Does anyone know if it is possible to force SAS to show you all of the estimates for mixing probabilities in Proc FMM?  It defaults to omitting the last estimate, and I'm interested in this because I would like to know the standard error for all of the estimates for mixing probabilities.  Alternatively, does anyone know how SAS calculates the standard error for the parameter estimates for mixing probabilities? 

Thank you in advance,

Lynn

7 REPLIES 7
Rick_SAS
SAS Super FREQ

Since the sum of the mixing probabilities is 1, the last estimate is 1 - sum_of_other_estimates. If you fit a model with k components, there are only (k-1) parameters.

lynnlaurie
Calcite | Level 5

Hi Rick.  Thanks for the response.  I understand how to find the mixing probability (p) of the omitted value, but I'm interested in the standard error for that value.  Do you know how it is calculated or how I can force Proc FMM to show it?

Rick_SAS
SAS Super FREQ

This is an interesting question. Unfortunately, I do not know the answer. I do not think that there is a way to get FMM to show the stderr directly.  I am not knowledgable enough to know how to compute it from the output that FMM provides. Perhaps someone like or has thought about this.

SteveDenham
Jade | Level 19

Not sure, but since the parameterization is of a generalized logit, with the last predictor set to zero, try fitting with the NOINT option in the model statement.  If there is a single independent variable, that should address the issue.

(I hope)

Steve Denham

lvm
Rhodochrosite | Level 12 lvm
Rhodochrosite | Level 12

If you have only two mixing probabilities, p and 1-p, then you are luck. There is symmetry in the SEs because FMM models the mixing process using the symmetric logit link. For instance, if p = 0.2, then 1-p=0.8 (obviously). Logit(p) = -logit(1-p). With p=0.2, logit(.2) = -1.386, and logit(.8) = +1.386. The variances carry through in the same way. I just checked this by writing a NLMIXED program for a two-component mixture and getting p and 1-p from logit(p) and logit(1-p). The SEs come from the inverse Hessian matrix in FMM (the mixing probability is part of the likelihood).

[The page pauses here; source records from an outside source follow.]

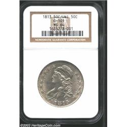 <TABLE cellSpacing=0 cellPadding=0 width="100%" bgColor=#000000 border=0><TBODY><TR><TD width="100%"><TABLE cellSpacing=1 cellPadding=3 width="100%" border=0><TBODY><TR><TD width="100%" bgColor=#79735c><FONT face=arial color=#ffffff size=3><B>Description</B> </FONT></TD></TR><TR><TD width="100%" bgColor=#ffffff><FONT face=arial size=2><B>1813 50C 50C Over UNI MS64 NGC.</B></I> O-101, R.3. A Choice, heavily clashed example with night and day difference in appearance between the two sides. The obverse is a muted silver-gray while golden-bronze toning and flashes of peripheral blue are seen over the reverse. Low end Condition Census for this highly collectible <I>Guide Book</B></I> variety. </FONT></TD></TR></TBODY></TABLE></TD></TR></TBODY></TABLE><BR><A name=PricesRealized></A><TABLE cellSpacing=0 cellPadding=0 width="100%" bgColor=#000000 border=0><TBODY><TR><TD width="100%"><TABLE cellSpacing=1 cellPadding=3 width="100%" border=0><TBODY><TR><TD width="100%" bgColor=#79735c><A name=PR><FONT face=arial color=#ffffff size=3><B>Previous Prices from Heritage Auctions</B> </FONT></A></TD></TR><TR><TD bgColor=#f6f6ed><TABLE cellSpacing=0 cellPadding=0 width="100%" border=1><TBODY><TR><TD align=middle width="33%"><B>Date</B></TD><TD align=middle width="33%"><B>Service</B></TD><TD align=middle width="33%"><B>Price</B></TD></TR><TR bgColor=whitesmoke><TD width="33%"><B>01/01/1999</B></TD><TD width="33%">NGC</TD><TD width="33%">$6,900.00</TD></TR></TBODY></TABLE></TD></TR><TR><TD bgColor=#ffffff><FONT face=arial size=1 ?>PLEASE NOTE: All prices realized reflect the final hammer price PLUS the buyer's premium in auctions that charge a buyer's premium. Each item has a notation at the top of the listing indicating whether that lot included a buyer's premium. Example: A item that sells with a final hammer price of $100 and a 20% buyer's premium will display with a price realized of $120. All information listed is intended to be as accurate as possible, but errors are possible. Please use this guide carefully and inform us of any inaccuracies. </FONT></TD></TR></TBODY></TABLE></TD></TR></TBODY></TABLE><BR><TABLE cellSpacing=0 cellPadding=0 width="100%" bgColor=#000000 border=0><TBODY><TR><TD width="100%"><TABLE cellSpacing=1 cellPadding=3 width="100%" border=0><TBODY><TR><TD width="100%" bgColor=#79735c colSpan=6><FONT face=arial color=#ffffff size=3><B>Price Guide*</B> </FONT></TD></TR><TR bgColor=#f6f6ed><TD align=middle><B>Grade</B> </TD><TD align=middle><B>Coin World<BR>(Trends)</B> </TD><TD align=middle><B>Numismedia<BR>Retail</B> </TD><TD align=middle><B>Numismedia<BR>Wholesale</B> </TD><TD align=middle><B>Coin<BR>Universe</B> </TD><TD align=middle><B>Heritage<BR>Value Index</B> </TD></TR><TR bgColor=#ffffff><TD align=middle>63</TD><TD align=right>$6,750.00</TD><TD align=right>---</TD><TD align=right>$5,825.00</TD><TD align=right>$4,725.00</TD><TD align=right>$3,802.50</TD></TR><TR style="FONT-WEIGHT: bold" bgColor=#cccfdd><TD align=middle>64</TD><TD align=right>$8,500.00</TD><TD align=right>---</TD><TD align=right>$6,900.00</TD><TD align=right>---</TD><TD align=right>$5,787.50</TD></TR><TR bgColor=#ffffff><TD align=middle>65</TD><TD align=right>---</TD><TD align=right>---</TD><TD align=right>$10,750.00</TD><TD align=right>---</TD><TD align=right>---</TD></TR><TR bgColor=#ffffff><TD colSpan=6><FONT size=1>*All information listed is intended to be as accurate as possible, but errors are possible. No item may be returned or refused based on this information which is provided as a service to our customers. You should contact each pricing source directly to determine the accuracy of this information. </FONT></TD></TR></TBODY></TABLE></TD></TR></TBODY></TABLE><BR><TABLE cellSpacing=0 cellPadding=0 width="100%" bgColor=#000000 border=0><TBODY><TR><TD width="100%"><TABLE cellSpacing=1 cellPadding=3 width="100%" border=0><TBODY><TR><TD width="100%" bgColor=#79735c><FONT face=arial color=#ffffff size=3><B>Population Guide</B> </FONT></TD></TR><TR bgColor=#ffffff><TD align=middle><!-- Begin Output of Population Grid--><TABLE cellSpacing=0 cellPadding=0 width="100%" border=0><TBODY><TR><TD vAlign=center><TABLE cellSpacing=0 width="100%" border=1 cellsadding="3"><TBODY><TR><TD vAlign=center><TABLE cellSpacing=0 cellPadding=3 width="100%" border=1><TBODY><TR><TD vAlign=center align=middle bgColor=#f0f1e8 colSpan=2 <CENTER><FONT face=Arial size=2><B>PCGS Pop </B></FONT><CENTER></CENTER></TD><TD vAlign=center align=middle bgColor=#f0f1e8 colSpan=2><CENTER><FONT face=Arial size=2><B>NGC Pop</B></CENTER></FONT></TD></TR><TR><TD vAlign=center><FONT face=Arial size=2>(64)</FONT> </TD><TD vAlign=center align=right><FONT face=Arial size=2>0</FONT> </TD><TD vAlign=center><FONT face=Arial size=2>(64)</FONT> </TD><TD vAlign=center align=right><FONT face=Arial size=2>5</FONT> </TD></TR><TR><TD vAlign=center><FONT face=Arial size=2>(>64)</FONT> </TD><TD vAlign=center align=right><FONT face=Arial size=2>0</FONT> </TD><TD vAlign=center><FONT face=Arial size=2>(>64)</FONT> </TD><TD vAlign=center align=right><FONT face=Arial size=2>1</FONT> </TD></TR></TBODY></TABLE></TD></TR></TBODY></TABLE></TD></TR></TBODY></TABLE><!-- End Output of Population Grid--> Important notice: Heritage usually auctions material at the rate of 200-250 lots per hour. On some occasions eBay Live bid software or the Internet may not be able to keep up with the pace of the auction. We recommend placing a realistic absentee bid now as insurance to avoid disappointment. Occasionally the auctioneer may eliminate or reject an eBay Live bid, and the auctioneer may also reopen a lot after the close of the eBay live bidding (usually because we missed an audience bid), and may reject your bid even if it shows you as the winning bidder. By bidding via eBay Live, you agree that Heritage may award the lot to another bidder at its sole discretion under the circumstances described above or any other reasonable circumstances. Also please note that all Heritage lots 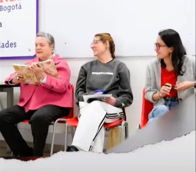 La senadora Clara López departiendo con algunas integrantes del Colectivo ‘El mal rebaño’ en la penitenciaria El Buen Pastor de Bogotá.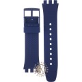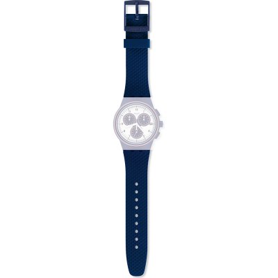 This Swatch watch strap is made of silicone and is attached to the watch by means of steel pins. The band has a width of 20.1 mm and is closed by means of a buckle. The strap has no straight mount which means that this strap is only suitable for the watches listed below.

You can get a hint of all of this by comparing FMM with GENMOD for a zero-inflated Poisson (a simple mixing problem). Both PROCs fit this model, but FMM represents the mixing probability by p, whileGENMOD represents the mixing probability by 1-p. But the estimates and SEs all agree.

If you have more than two mixing probabilities, then you can't take advantage of the symmetry. You would have to get 1-(p1+p2+...) by hand; the logit of this is easy, but use of the delta method to get the variance (and SE) would be tricky.

lvm
Rhodochrosite | Level 12 lvm
Rhodochrosite | Level 12

And I have not seen any way to force FMM to print 1-p or logit(1-p).

SteveDenham
Jade | Level 19

Agreed.  I have to say that I think PROC FMM is a great program, but very frustrating.  Hopefully the next update will hit on some of these issues.